ベルリッツの王家は様々な規律があって、それで国を守ってきた一面もあるのだろう。

人間の私はそれを理解していた。だから何か思う事があっても言葉を飲み込むようにしてきた。

けど、けど。



――走り続けた私は、人が扉を開けている所の隙間を抜けて、儀式の間に辿り着いた。

ここはハイネさんに最初に連れてこられた場所だ。部屋に飾られた国旗を始めとした荘厳な雰囲気に気圧された事をよく覚えている。

だが、今は違う。



猫の私は、この国旗を見ているとどこか毛の逆立つような心地がする。

ベルリッツ国の国章に書かれた盾は、この国の民全員を守るという意味を持つらしい。

それは、現実には即していない。

アーサーは国民を必死に守ってきているのに――、自分は守られていないじゃないか。

平民だけじゃなくて、近い位置にいる貴族達ですらアーサーを守ろうとはしていない。

何より――アーサー自身が自分自身の人生をどこか諦めているようだ。

私はそんな世界が許せなかった。



胸の中に渦巻く怒りのせいで、身体に熱が漲っている。

それに加えて、目の前の国旗が、猫の本能が疼くようなヒラヒラな布である事も加わり――。

私は、国旗に向かって一直線に走って、飛びかかって、上から爪でザーーーーッと引っ掻いた。

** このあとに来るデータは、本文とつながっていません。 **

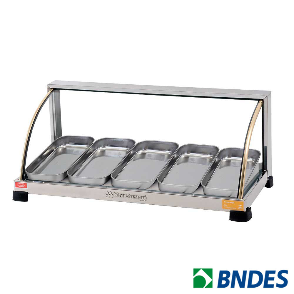 As estufas da linha Ouro Marchesoni destacam-se pelo melhor custo benefício do mercado e são ideais para expor com elegância e manter seus produtos sempre quentinhos. Fabricadas em aço inox, frisos dourados e vidros temperados as Estufas Ouro Marchesoni valorizam a exposição dos seus produtos alavancando suas vendas. Possuem em todos os modelos termostato de temperatura automático, lâmpada piloto indicadora de aquecimento e umidificador que evita o ressecamento dos alimentos.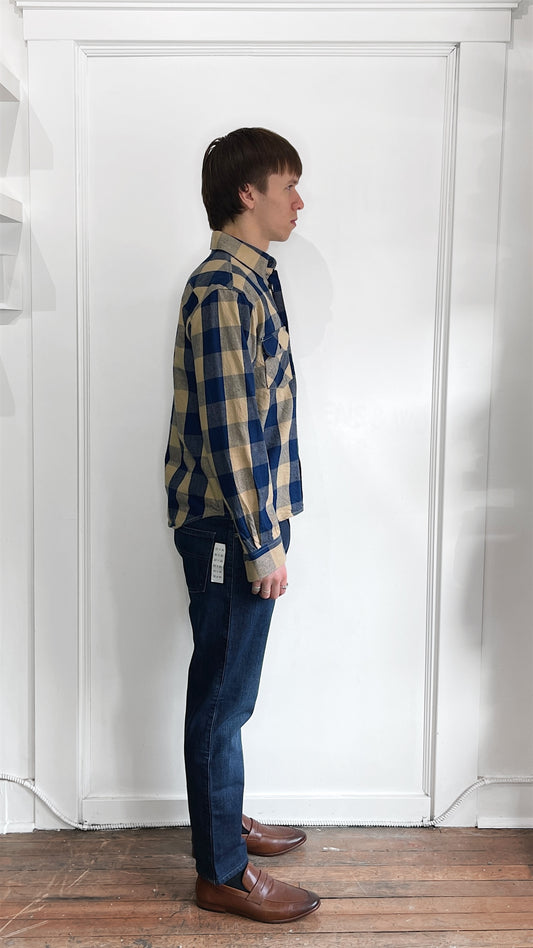 Indigofera Tan & Blue Buffalo Check Flannel Shirt Small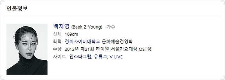 ⊙ 가수 : 백지영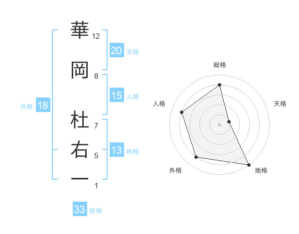 華岡 杜右一さんを姓名の画数から五運を鑑定
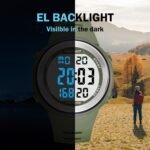 50 m Waterproof: This step counter is waterproof up to 50 m and does not need to be removed when swimming. When the light is dim, the watch’s EL backlight allows you to view the time or data easily. Suitable for water activities, camping or night sports
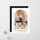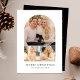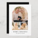 Modern holiday photo card featuring 3 of your photos arranged in an arch-shaped grid layout. Personalise the front of the multi-photo holiday card with your custom greeting and family name displayed in black lettering. The card reverses to a subtle black and white dot pattern.
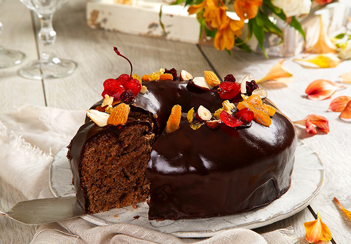Finalização e decoração: despeje a ganache sobre o bolo e decore com os frutos secos e as cerejas picadas.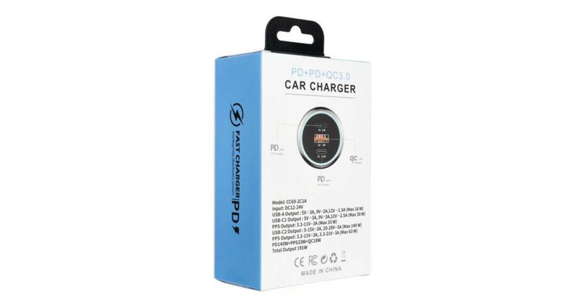 Samochodová USB QC 3.0 + 2x typ C PD CC69-2C1A (celkom 191 W)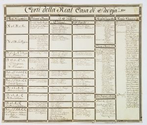 Manoscritto a inchiostro seppia (mm 265x320). 1 carta, scritta al recto. Il documento è relativo, probabilmente, alla corte di Vittorio Amedeo III di Savoia e di Maria Antonia Ferdinanda di Borbone, figlia del re di Spagna. Contiene i nomi (circa 200) dei “Primati e Dame”, degli “Scudieri” (primi e secondi) della “Regia Cappella”, della “Casa Reale” e della “Regia Camera”.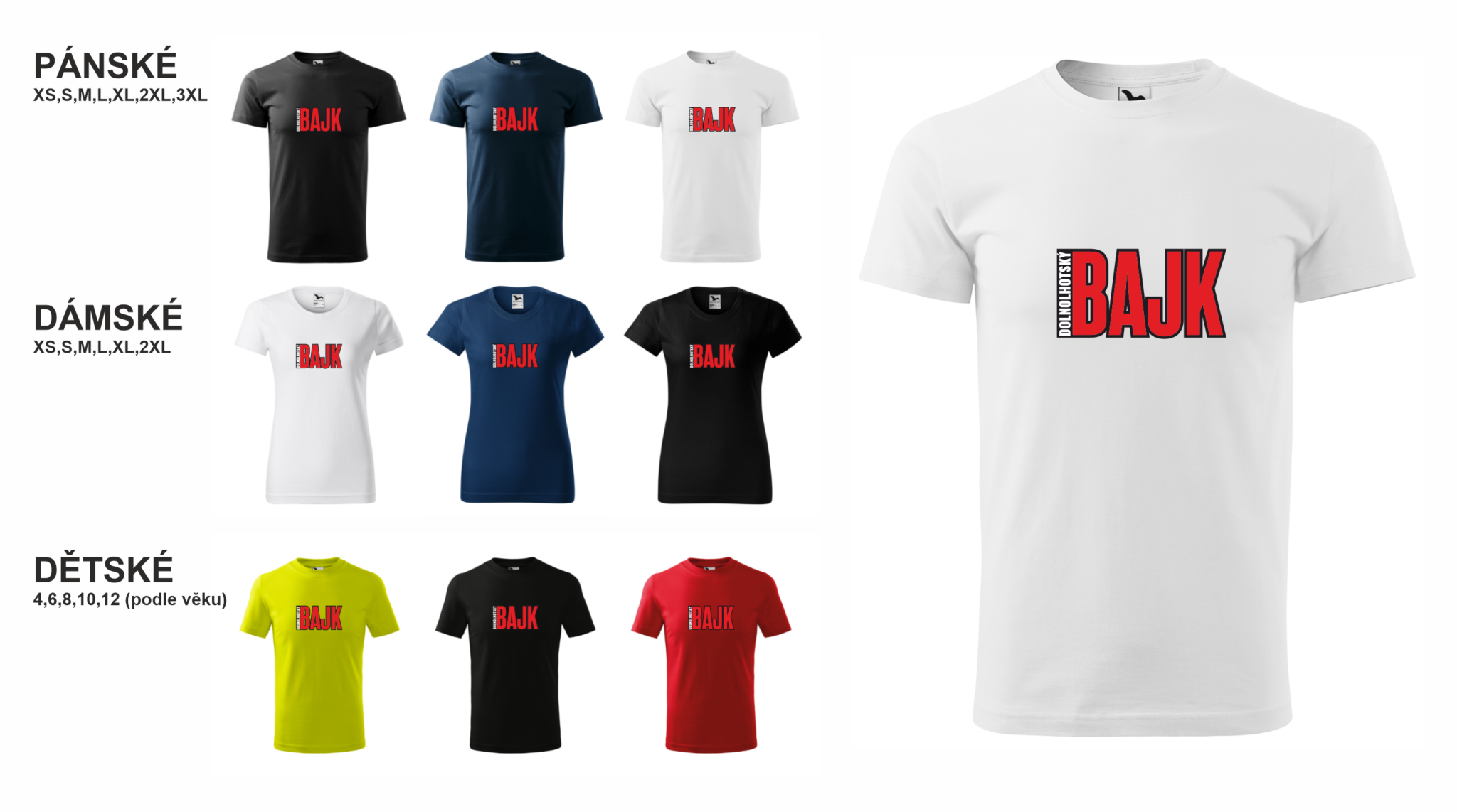 Trička s vyzvednutím na Bajku 20. června lze závazně objednávat do neděle 14.6.2026. Platba za trička musí být připsána na účet nejpozději v pondělí 15.6.2026!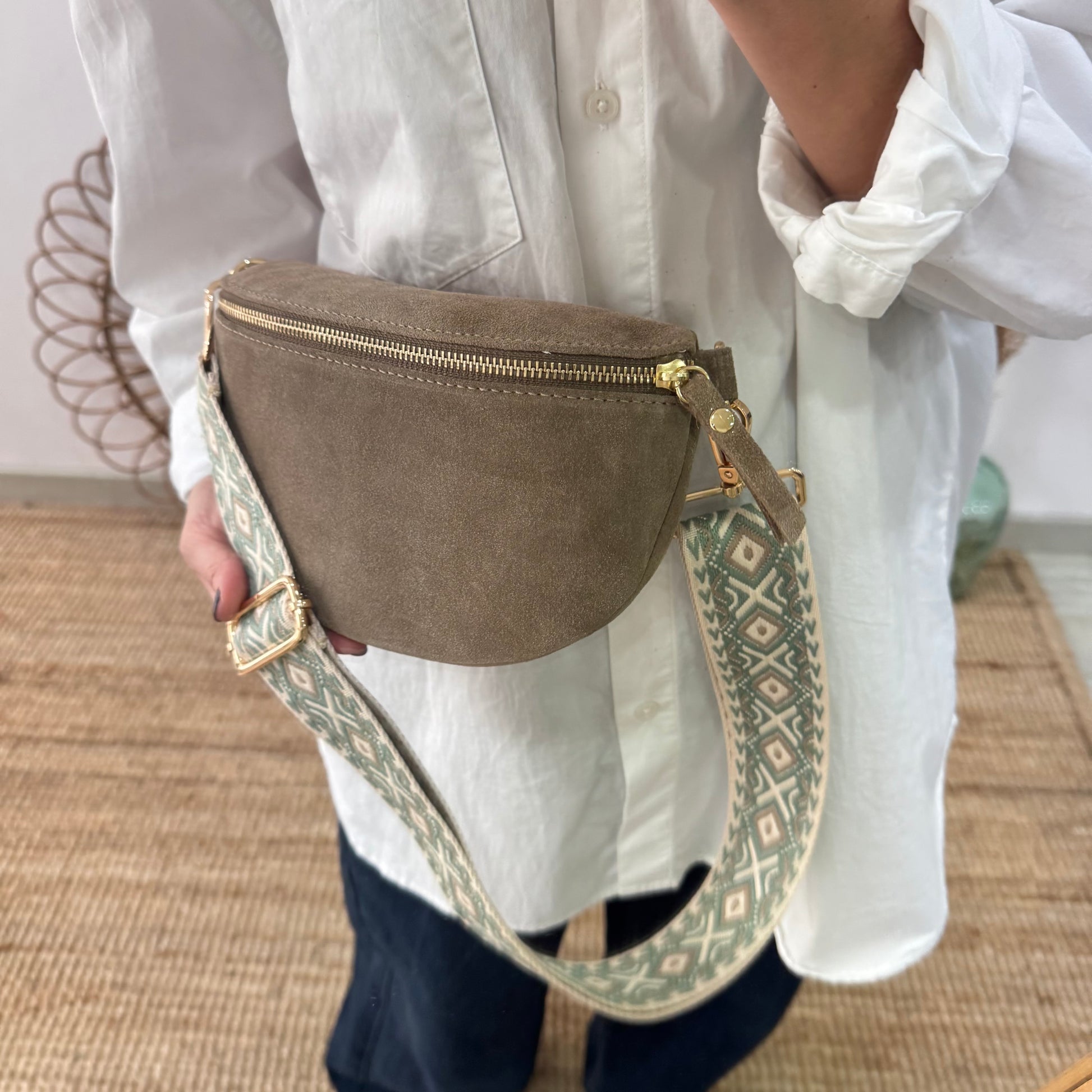 Riñonera/bandolera serraje taupe herrajes dorados iniciales bordadas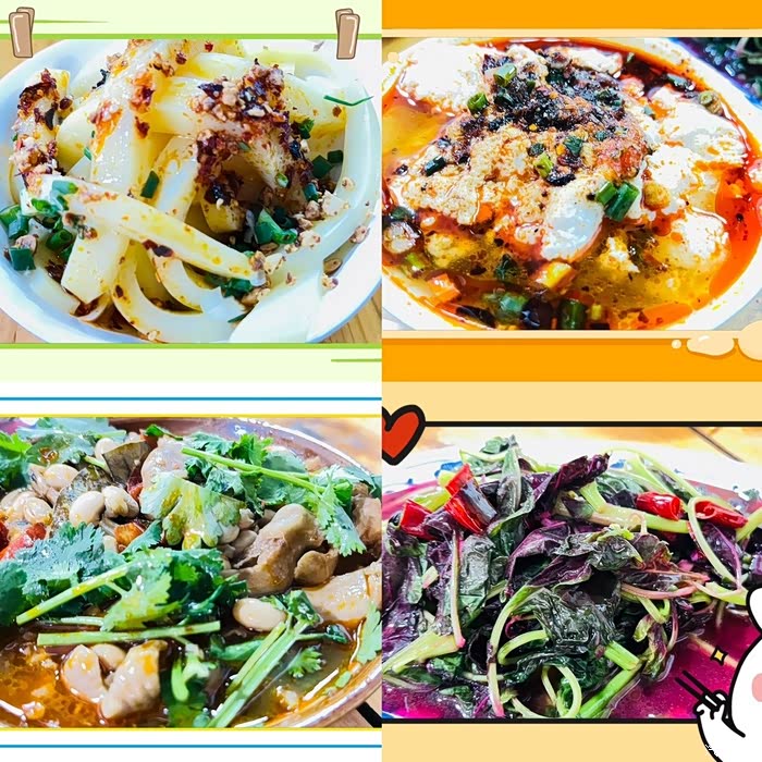 黄凉粉,口感细腻;荣昌豆花,鲜嫩可口;特色肥肠,肥而不腻,香气四溢;清爽的炒时蔬,荤素搭配。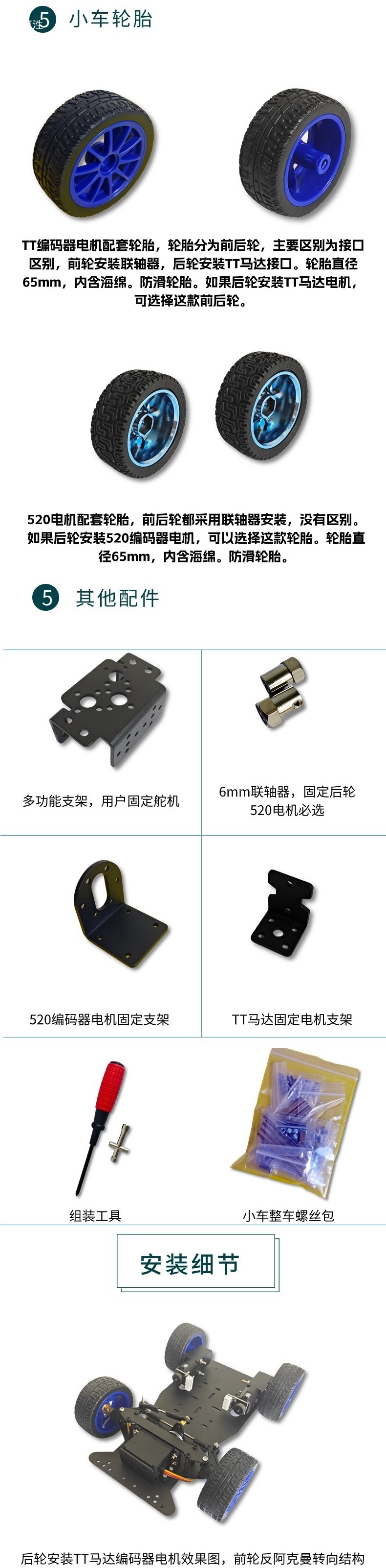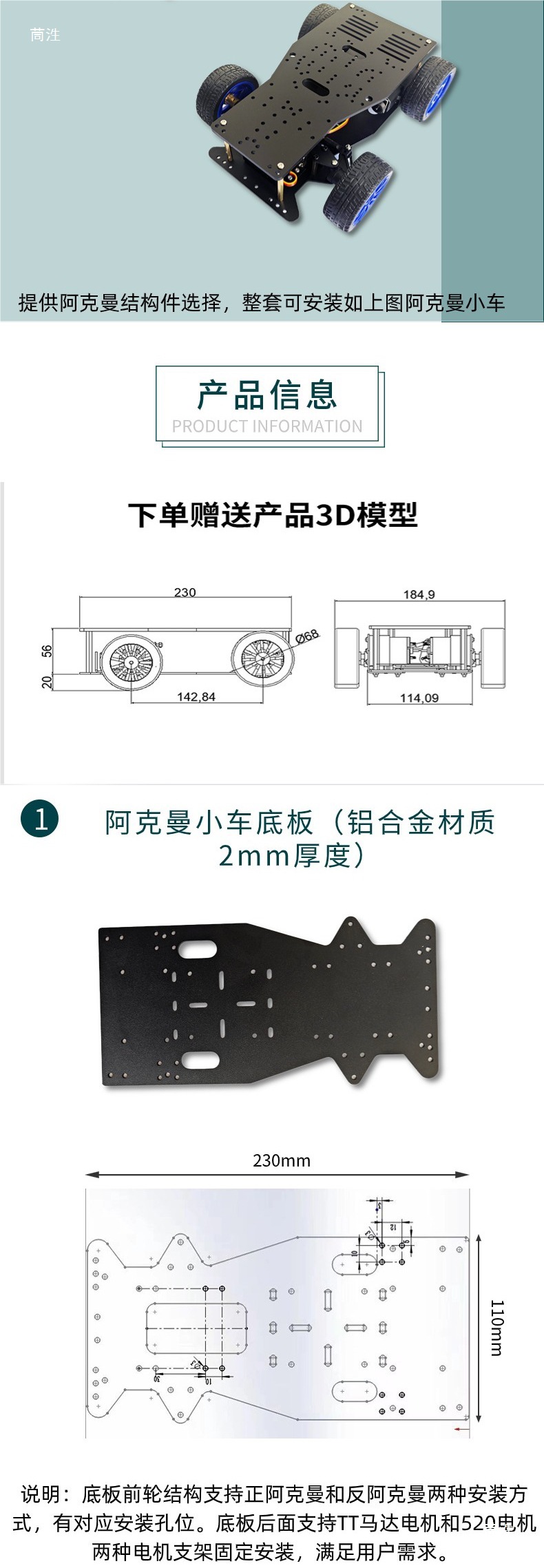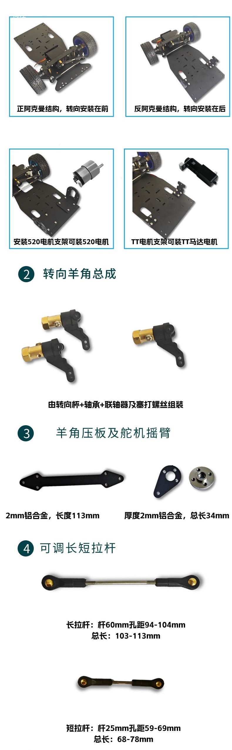 仕様 アルミニウム合金ベースプレート 1 枚,アクリル拡張ボード上層 1枚,ステアリングホーンアセンブリ 1個,ロングプルロッド1本,短いプルロッド1本,羊の角プレッシャープレート 1 枚,1 ステアリングギアロッカーアーム,ステアリングホイール1個,6mmカップリング 2 520後輪モーター取り付け,多機能スタンド1個,組み立てツール1セット,コラムを含むトロリー用の完全なネジセット 1 セット,520モーター固定ブラケット1個,TT 固定モーターブラケット 1 個,TTモーターに適合する前輪1個,TTモーターに適合する後輪1個,520モーターに適合するタイヤ1本,ステアリングギアとモーターを除く、TT バージョンに適したトロリーの構造部品の完全なセット。,ステアリングギアとモーターを除く、520 モーターバージョンに適したトロリーの構造部品の完全なセット 1 セット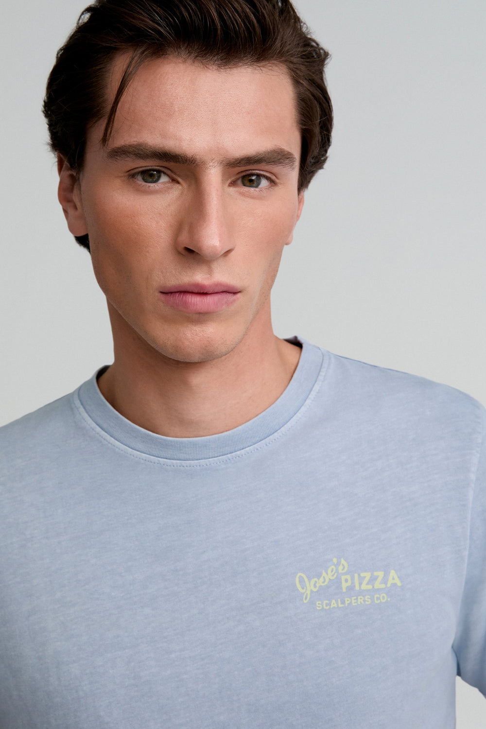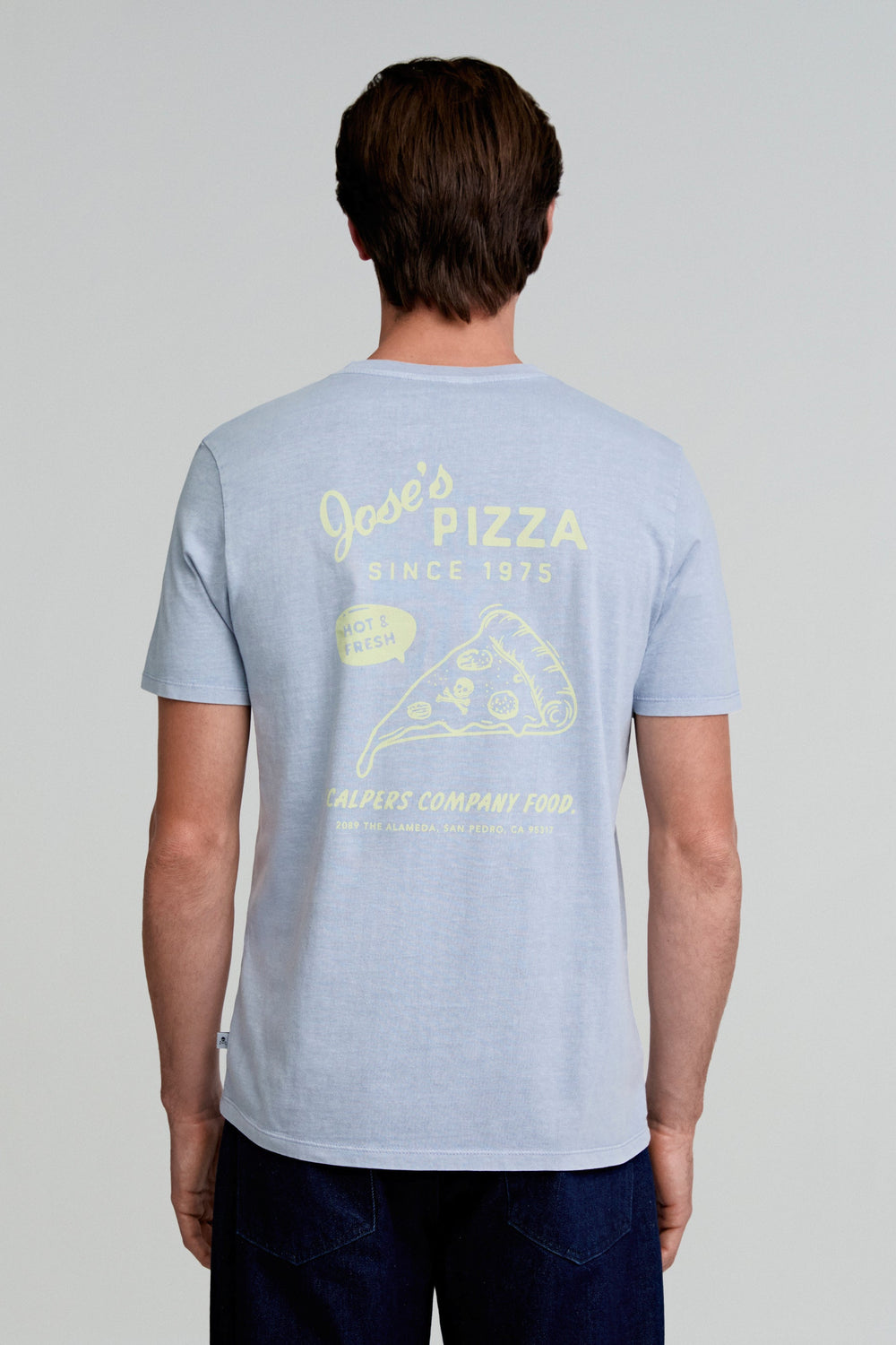 Camiseta confeccionada en 100% algodón BCI. Regular fit, cuello redondo y manga corta. Detalle print de pizza a contraste en parte trasera y pecho.

この生地は爪のケアに丁度いいようだ。私はバリバリバリバリと国旗で爪を研ぎ続ける。そのうちに国旗はビリビリと生地が破れ、バランスを崩して飾られていたところからはらりと落ちてきた。



「あーーー!国旗に穴が!」

「国宝が!」

「なんて事をしてくれたんだ!」

「うわあああああ」



追手が部屋へと辿り着くが、壊された宝の方に注意が向いたようだ。私を追っていた筈の足は止まって、破壊された国旗を呆然と眺めている。

彼らを置いて、私は目的の相手を探して走り続けた。



――見つけた。

アーサーは森の見えるテラスに繋がっている部屋のソファに座っていた。その近くのテーブルには緊急時に魔力補給をする用の栄養剤と、印の付けられた地図が置いてある。今しがた発生した災厄から一時撤退した事が伺えた。

部屋に忍び込んだ私は、アーサーの見ている地図にごろりと寝転んだ。

疲れた顔をしたアーサーが、私を見て驚いたように目を開く。



「……王宮に、猫が?君は、俺が近くにいても平気なのか」

「うー」

「……クロードと同じ種族か。いや……」

「なうー」

「……。ミーシャ、なんだな?」

「にゃあー!」

「……俺の事を、心配してきてくれたのか」

「みゃあみゃあ、みゃー」



飛びついてきた私を抱きしめてじっと見つめてくるアーサーに、私は全力でスリスリした。それと同時に心から湧き上がる何とも言えない怒りもあって、私はアーサーの胸を二本の前足でずりずりと柔らかく攻撃する。

アーサーの目には隈が出来ていた。

王宮から消えた私を案じていたのか、災厄の始末が上手く行かずに心労を募らせていたのか。恐らく、その両方だろう。

アーサーの苦しみを和らげたいと思って、結局彼の心労を増やしてしまった。私は、そんな自分が嫌だった。

だが――、これからは、違う。




私は、クロードによって姿を変えられてしまった。

猫になって、心も獣に近いものになって……。

――でも。

私は、それでも満足だ。

これでアーサーが晴れて猫と一緒に暮らせるようになる。

もう誰にも文句は言われないはずだ。